------ Raw data

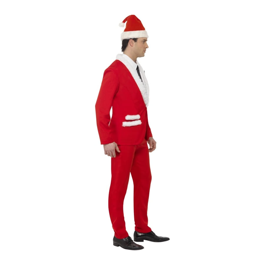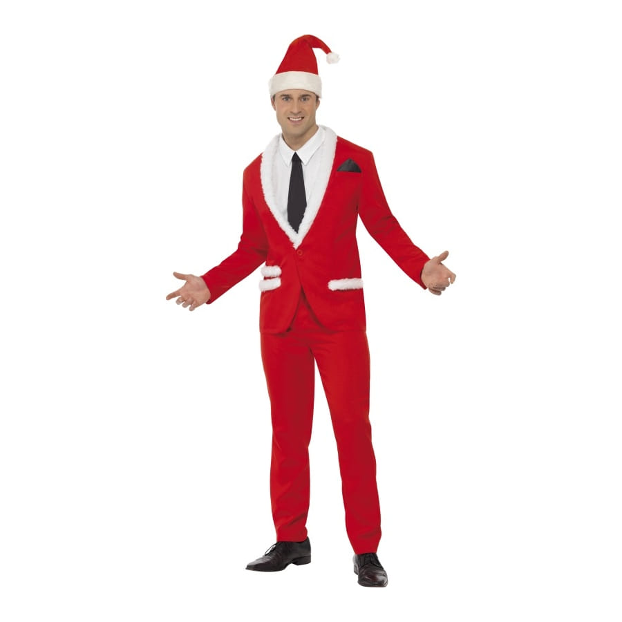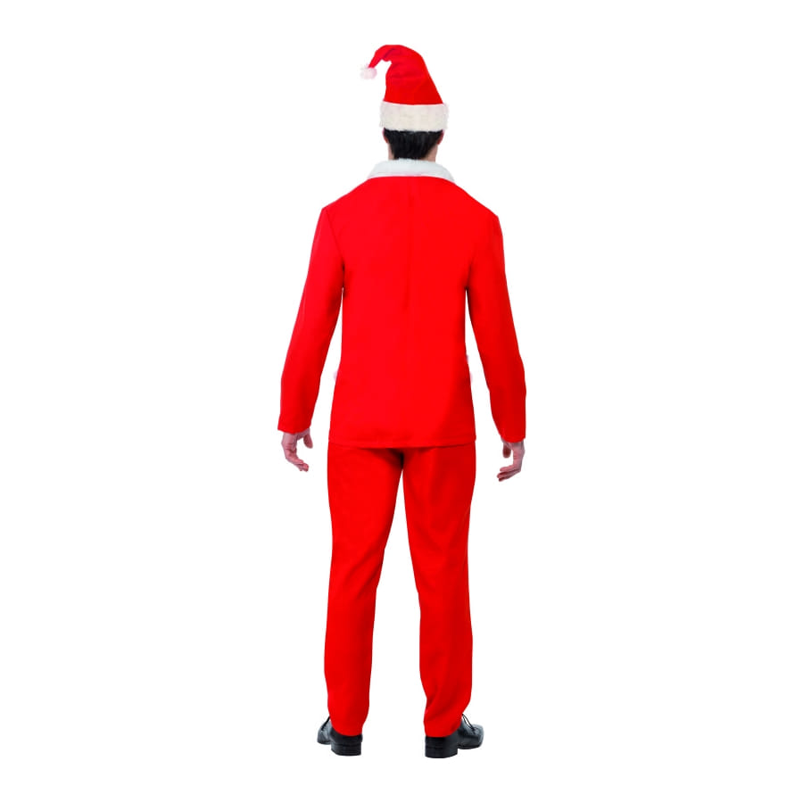 Déguisement de Père Noël de couleur rouge, pour homme, composé d'un pantalon, d'une veste avec poches en marabout blanc et d'un bonnet avec bord et pompom blancs. La veste est intégrée d'une chemise blanche et d'une cravate noire. Cet ensemble est disponible en taille S, M ou L. Déguisez-vous en Père Noël élégant et moderne!
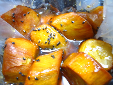 浅草には、さつま芋を使ったお菓子屋が沢山あります。芋羊羹・芋きんつば・大学いも・スイートポテトetc.そんな中で、華がいつも買うのが原料のさつま芋卸問屋が経営する、さつま芋菓子屋【興信】。素材が違います【大学いも】この蜜の照りピカピカじゃ~外はカリカリ、中はホクホク美味しい
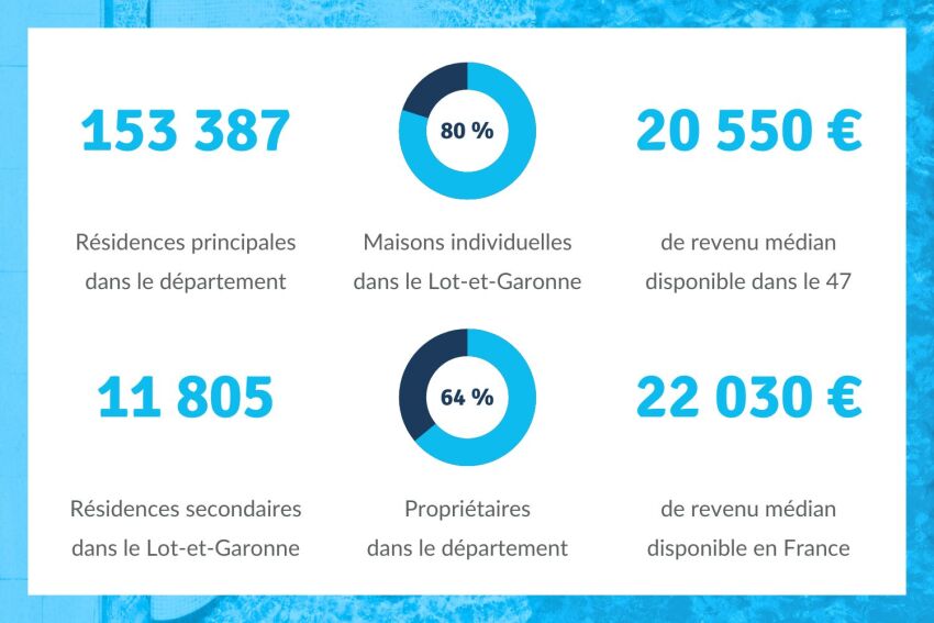 La densité de population du Lot-et-Garonne est moins élevée que sur le reste du territoire français et le département se situe à la 70ème place des départements les plus peuplés de France avec 331 271 Lot-et-Garonnais. De plus, le revenu moyen par habitant est moins important dans le département qu'il ne l'est dans le reste de la Nouvelle-Aquitaine et de la France. De ce fait, le budget moyen pour la construction et la rénovation de piscine est plus faible dans la région.

------------

What to work on
What is needed here is an exact transcript of the data above, pictures excluded.

Reply to the task
 Déguisement de Père Noël de couleur rouge, pour homme, composé d'un pantalon, d'une veste avec poches en marabout blanc et d'un bonnet avec bord et pompom blancs. La veste est intégrée d'une chemise blanche et d'une cravate noire. Cet ensemble est disponible en taille S, M ou L. Déguisez-vous en Père Noël élégant et moderne!
 浅草には、さつま芋を使ったお菓子屋が沢山あります。芋羊羹・芋きんつば・大学いも・スイートポテトetc.そんな中で、華がいつも買うのが原料のさつま芋卸問屋が経営する、さつま芋菓子屋【興信】。素材が違います【大学いも】この蜜の照りピカピカじゃ~外はカリカリ、中はホクホク美味しい
 La densité de population du Lot-et-Garonne est moins élevée que sur le reste du territoire français et le département se situe à la 70ème place des départements les plus peuplés de France avec 331 271 Lot-et-Garonnais. De plus, le revenu moyen par habitant est moins important dans le département qu'il ne l'est dans le reste de la Nouvelle-Aquitaine et de la France. De ce fait, le budget moyen pour la construction et la rénovation de piscine est plus faible dans la région.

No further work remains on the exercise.